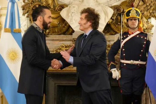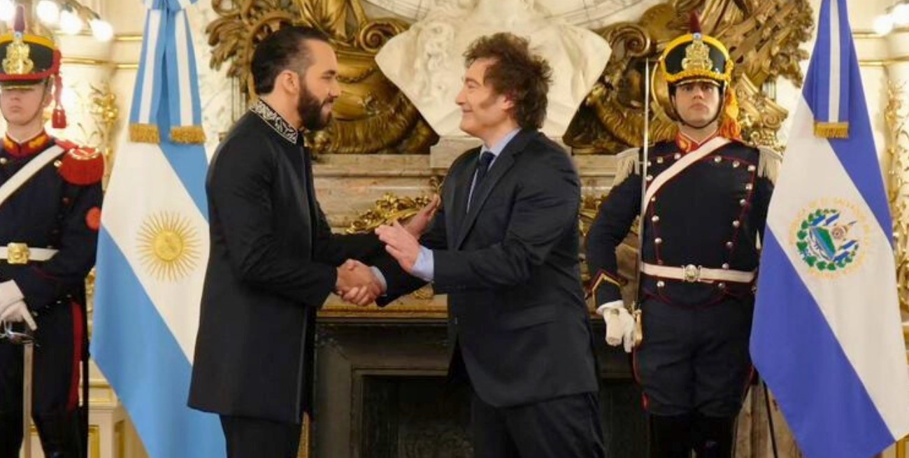 El presidente Javier Milei recibió en Casa Rosada a su par de El Salvador, Nayib Bukele, con quien mantuvo una audiencia, en la que abordaron la cooperación en temas como "energía, comercio y seguridad", entre otros.
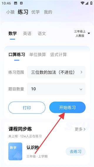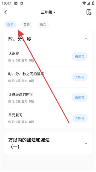 2、在練習內容選擇界面,若選數學學科,能看到時、分、秒等知識點分類,還有萬以內的加法和減法等單元,可選擇對應知識點去練習。
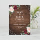 Reserva La Fecha Boda floral geométrica de madera rústica en burgun
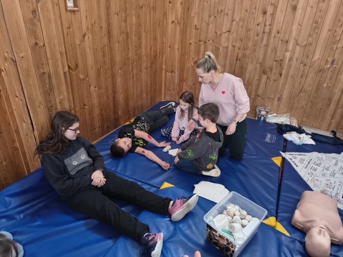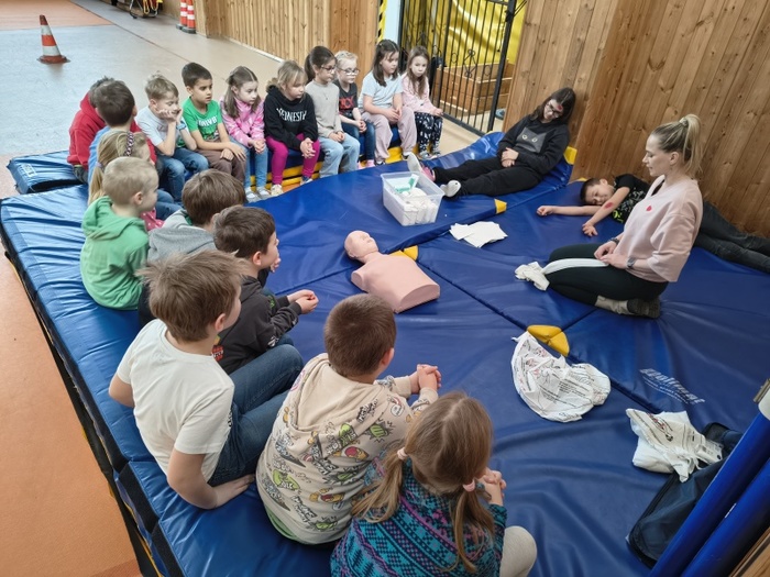 S paní Kolářovou jsme si zopakovali základní informace o poskytnutí první pomoci a někteří si vyzkoušeli resuscitaci na figuríně.
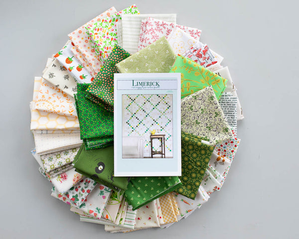 This Quilt Kit comes with 29 fat quarters of low volume and 10 fat quarters of green-colored fabric and a full-color illustrated paper pattern. Fabrics match exactly the bundled pictures and will be very similar to the pictured quilt. This kit includes everything you need to make the scrappy, patchwork top for this beautiful green twin quilt.
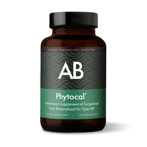 Phytocal AB, developed by Dr. Peter D'Adamo, is a personalized multimineral supplement with highly bioavailable seaweed calcium to support healthy bones and improve calcium digestion and assimilation in Blood Type ABs.
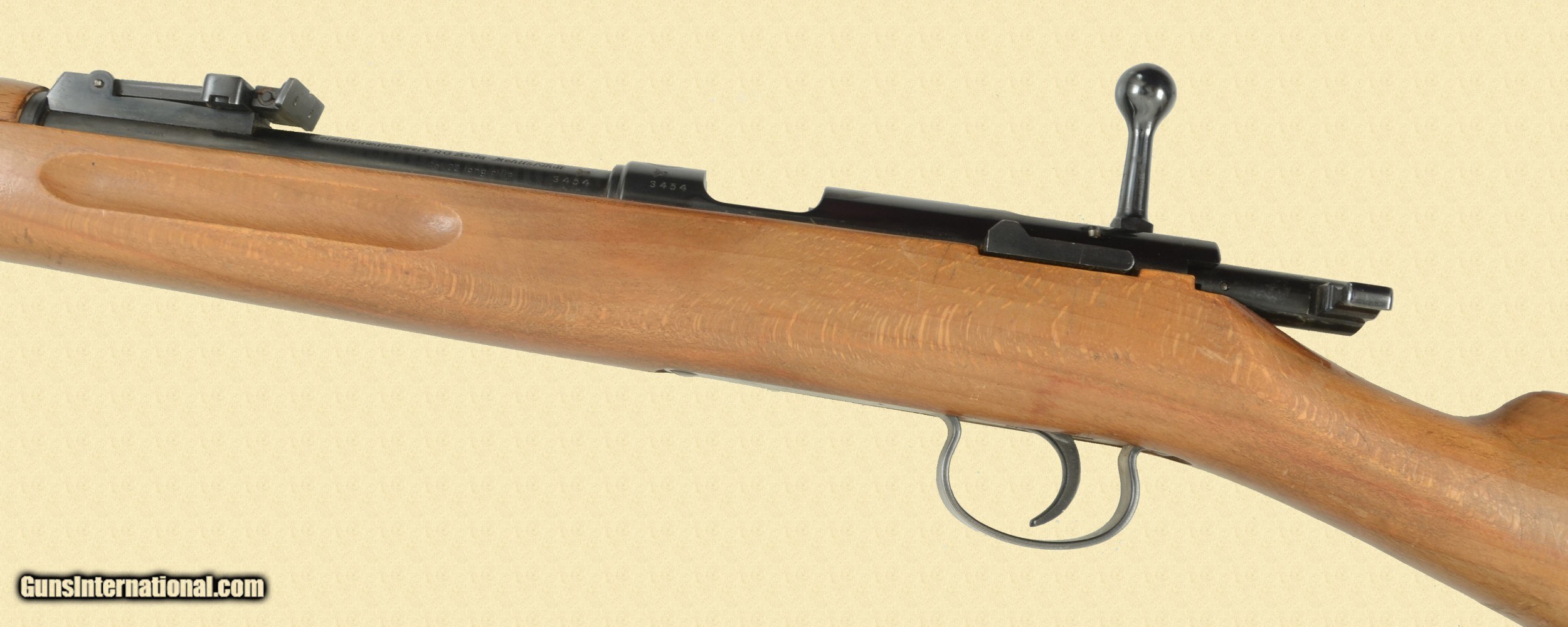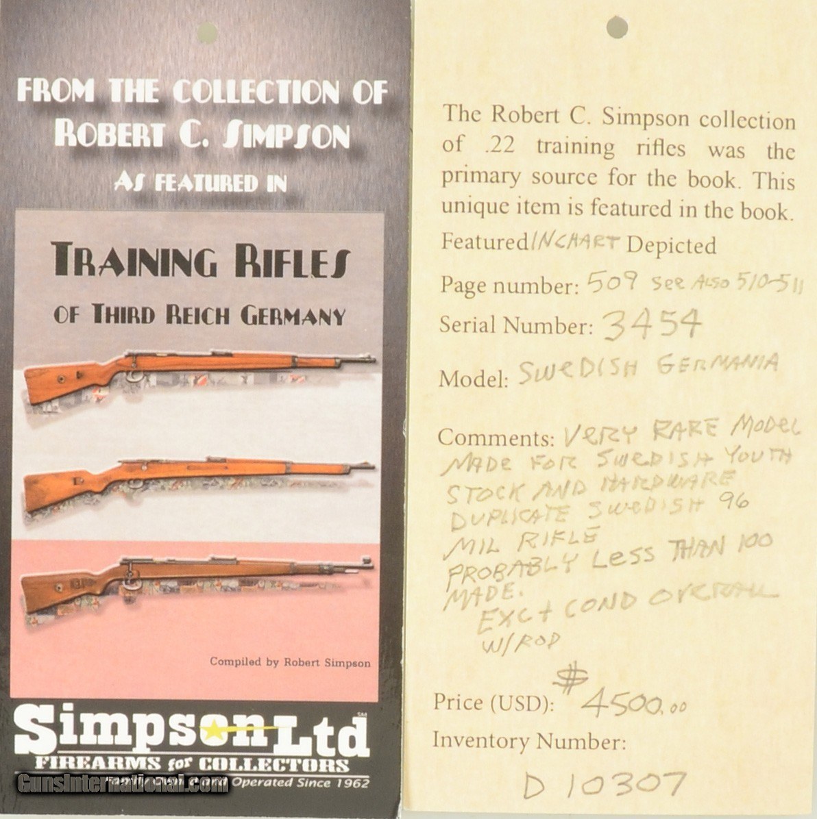 Description: 22 Caliber; 98% blue, excellent+ bore, excellent+ stock, 26'' barrel, Very rare model made for Swedish Youth. Stock and hardware duplicate Swedish 96 military rifle. Probably less than 100 of these made. This gun is featured on chart, page 509 of Training Rifles of the Third Reich Germany, compiled by Robert C. Simpson. Has cleaning rod., Please call (309)342-5800 Tues-Fri, 10 am -6pm (CST), or Sat 1pm-6pm (CST), to speak with our sales team for further information, or to purchase firearms. FEDERAL FIREARMS LICENSE (FFL): is required on all shipments of modern guns. We must wait for a copy from your dealer before we can ship to them. We will also ship C&R eligible firearms to Curio and Relic (C&R) license holders. We accept your signed, legible FFL and C&R licenses via fax at 309/ 342-5730 (always on), email at FFLsimpsonltd or through the mail at Simpson Ltd; 140 S Seminary St; Galesburg, IL 61401. Pre-1898 firearms and non-firearms items are exempt from licensing requirements. All items shipped to an Illinois address will be charged 8.75% sales tax. NOTE: Because of recent shipping restrictions and charges placed on us by UPS and FedEx (handguns must ship via next day or 2nd day air and they have added a $10 surcharge for parcels over 48”. Our return policy lasts a maximum of 3 days from the time you receive your item. If 3 days have passed since you received your purchase, and we have not been contacted by you, unfortunately, we can’t offer you a refund or exchange. If you are not happy with your purchase, please contact us by phone and/or email to arrange for a return. Items must be shipped back to us to arrive with 7 days of notification of return. SOLD Curio/Relic: Yes Serial Number: 3454 |
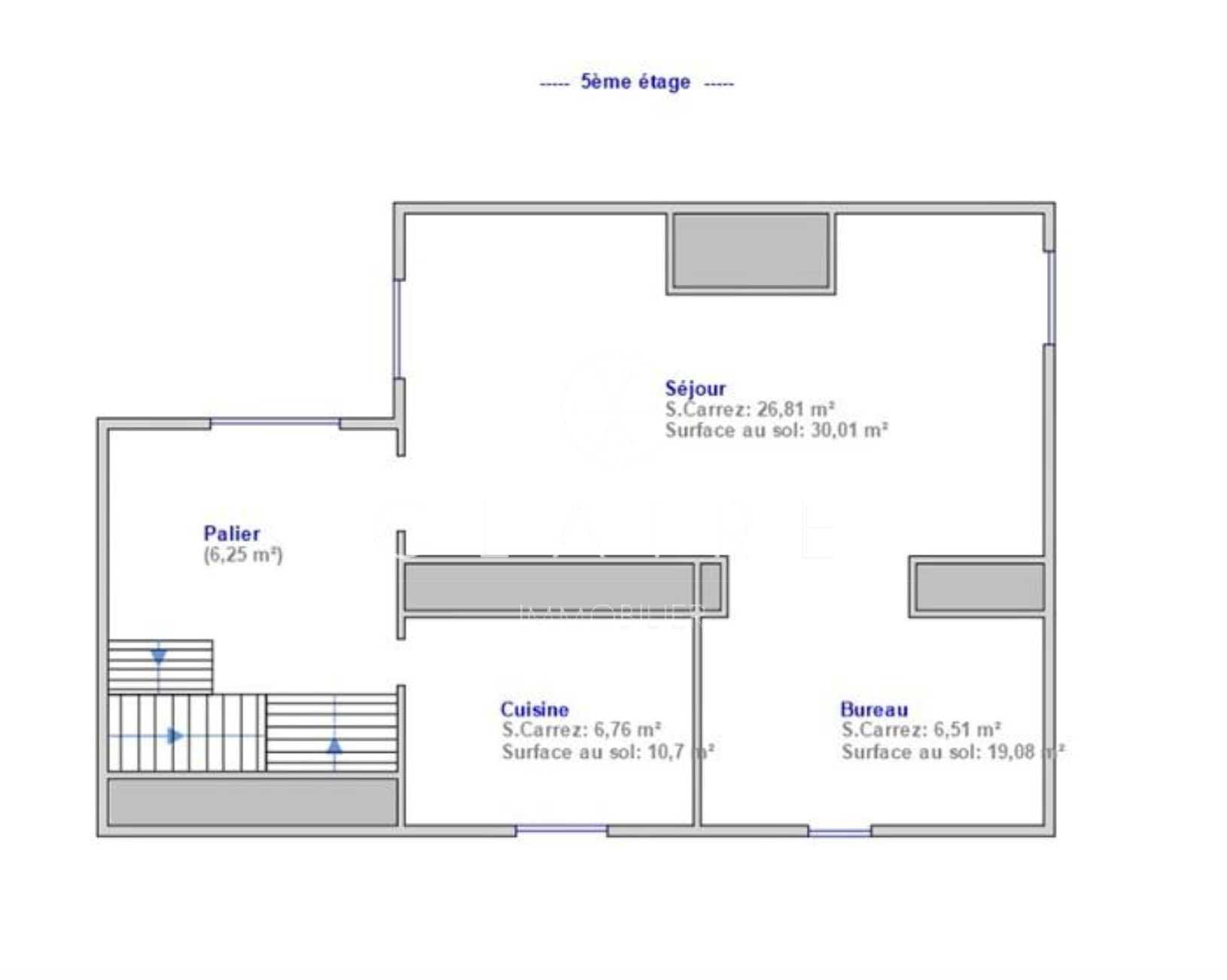 D’une surface de 79,20 m² loi Carrez (99 m² au sol), cet appartement séduira les amateurs d’espaces atypiques et de lumière.
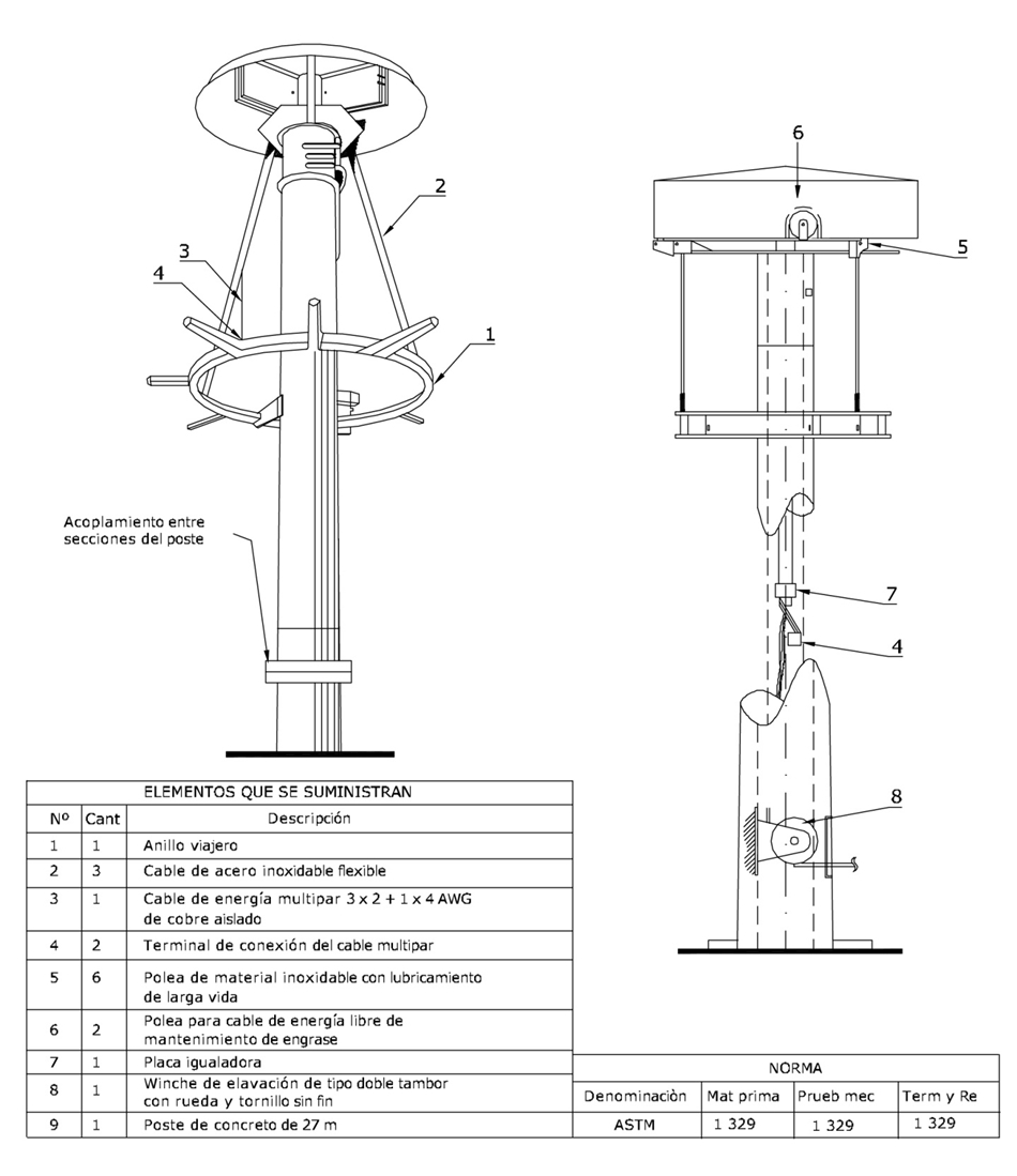 AP804 Poste de concreto de 27m para alumbrado publico con anillo movil

> [Task objective]:
In the listing above, find the line containing "S paní Kolářovou" and the line containing "Phytocal AB, developed", then return both of them and every line between, exactly, without pictures.

> [Answer to this exercise]:
 S paní Kolářovou jsme si zopakovali základní informace o poskytnutí první pomoci a někteří si vyzkoušeli resuscitaci na figuríně.
 This Quilt Kit comes with 29 fat quarters of low volume and 10 fat quarters of green-colored fabric and a full-color illustrated paper pattern. Fabrics match exactly the bundled pictures and will be very similar to the pictured quilt. This kit includes everything you need to make the scrappy, patchwork top for this beautiful green twin quilt.
 Phytocal AB, developed by Dr. Peter D'Adamo, is a personalized multimineral supplement with highly bioavailable seaweed calcium to support healthy bones and improve calcium digestion and assimilation in Blood Type ABs.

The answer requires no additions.